Exercise: For the records below, copy exactly the span that begins at the line containing "An elegant bouquet" and stops after the line containing "Ασημένια εικόνα κούνιας", minus any pictures.

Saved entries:

Segment Open

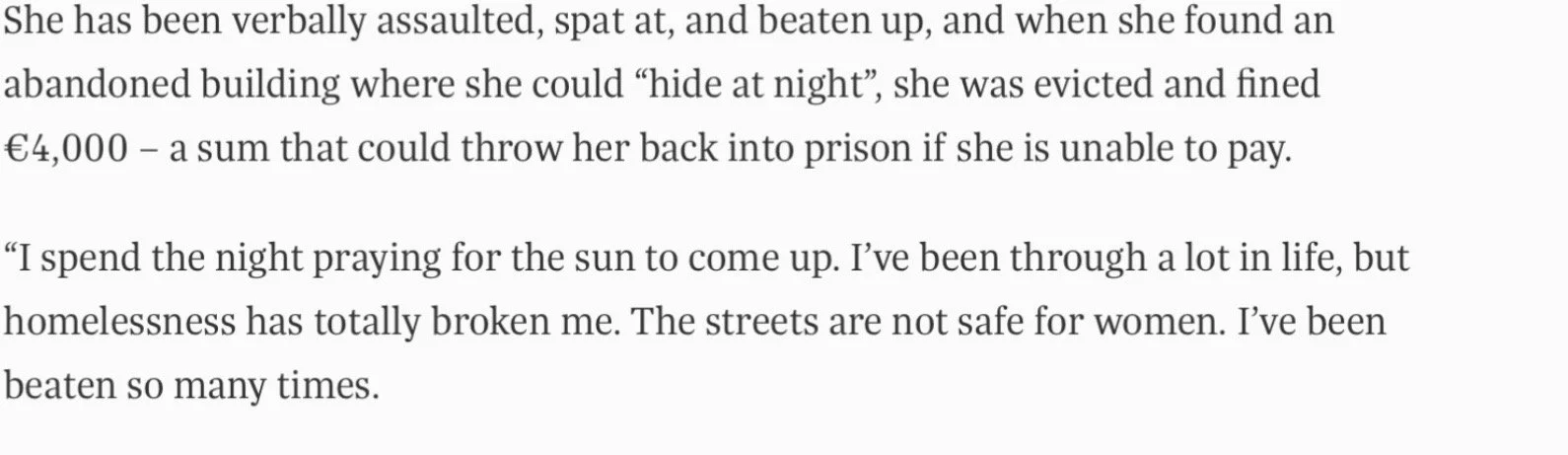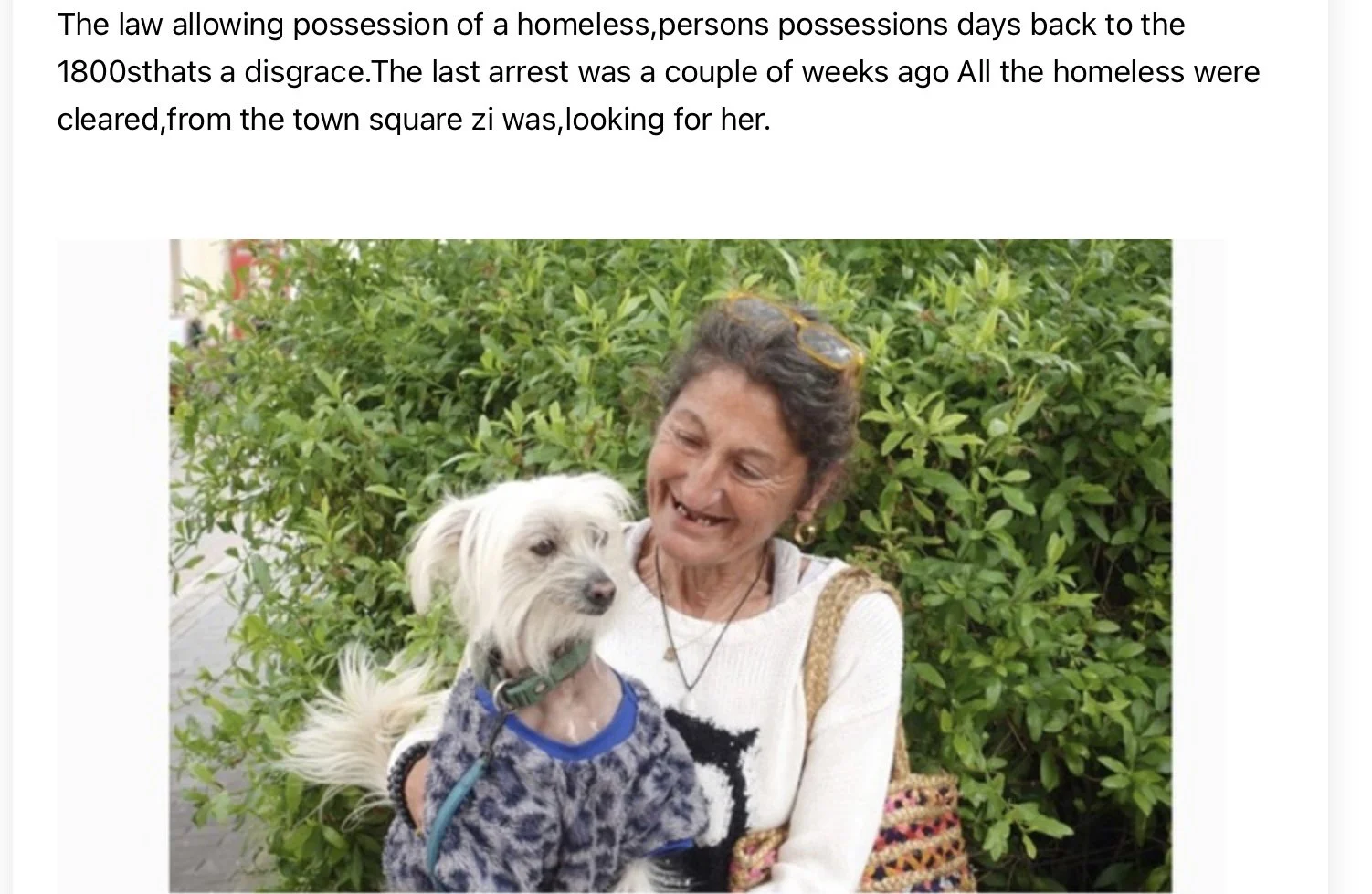 She could not go to a homeless shelter because she had a dog. The council took away her warm clothes and bedding. She was so cold that she lost a finger and a toe.
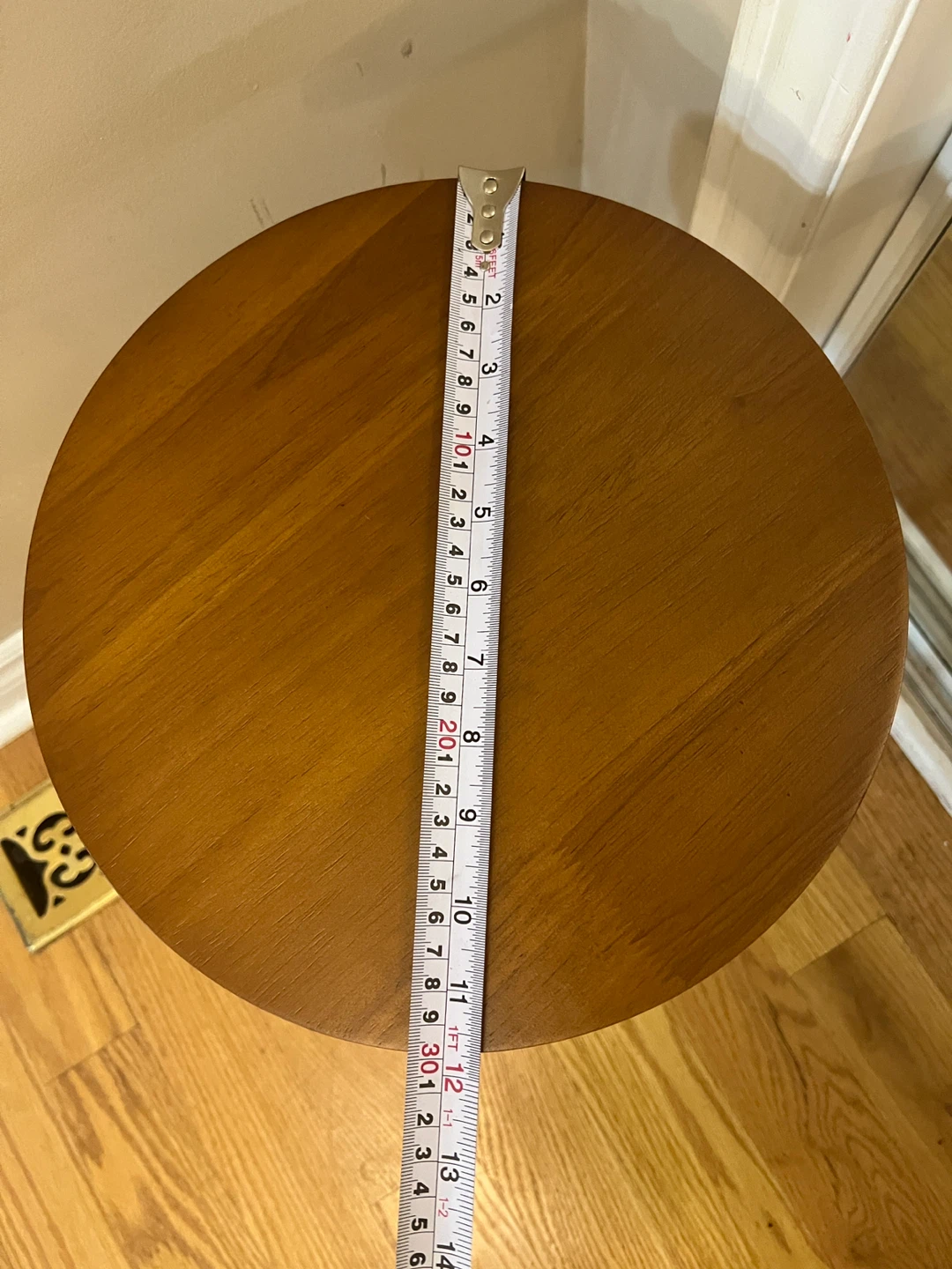 The table stands about 16inches tall and the top is around 12 inches in diameter
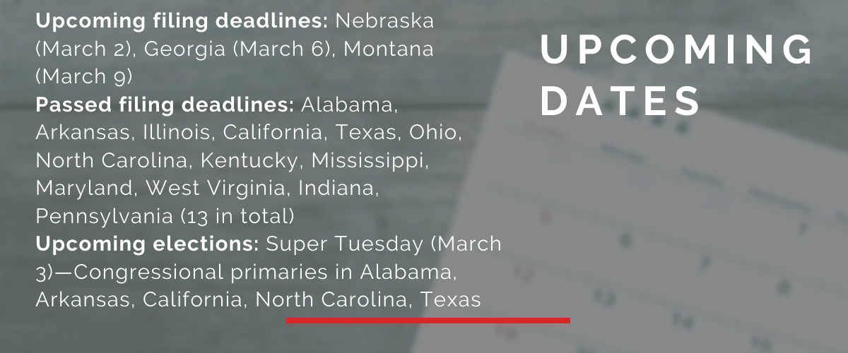 Meadows announced his retirement a day before the Dec. 20 filing deadline. All candidates entered the race after his announcement. Meadows assumed office in 2013 and is a former chairman of the House Freedom Caucus.
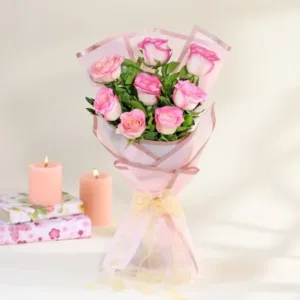 An elegant bouquet of soft pink roses wrapped in delicate pastel paper, tied with a sheer ribbon — perfect for adding a gentle touch of romance and joy.
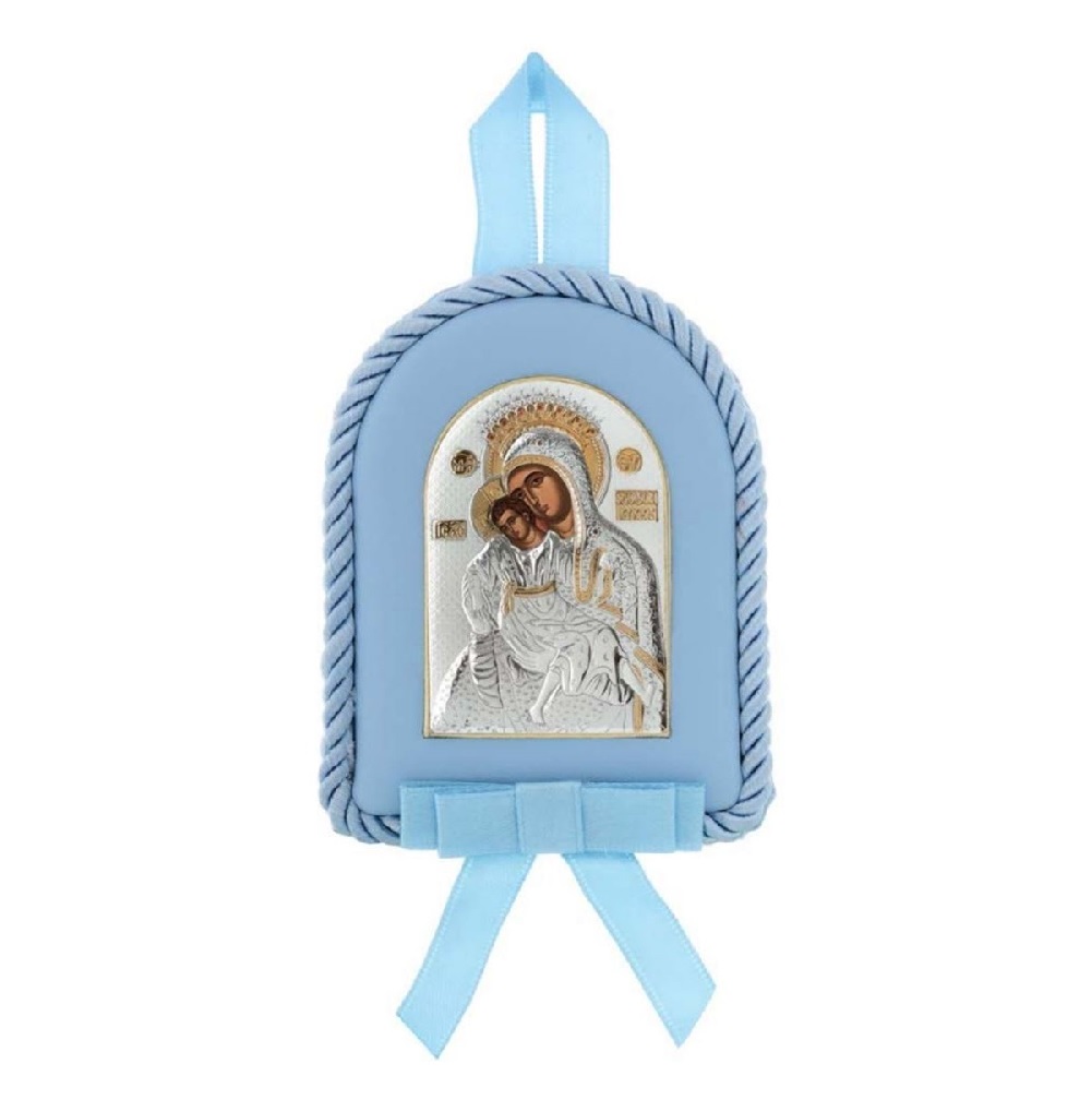 Ασημένια εικόνα κούνιας Παναγία και Χριστός για κορίτσι.
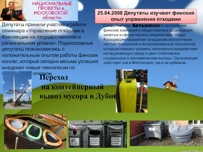 Сегодня «Green Net Finland» — это ассоциация финских компаний и общественных организаций, занятых в сфере охраны окружающей среды. Ассоциация продвигает внедрение экологически чистых технологий и интегрированных технологий, которые снижают уровень негативного воздействия на окружающую среду и дают позитивные социальные и экономические выгоды. Организация действует как в Финляндии, так и за рубежом.

Segment Closed

Response box:
 An elegant bouquet of soft pink roses wrapped in delicate pastel paper, tied with a sheer ribbon — perfect for adding a gentle touch of romance and joy.
 Ασημένια εικόνα κούνιας Παναγία και Χριστός για κορίτσι.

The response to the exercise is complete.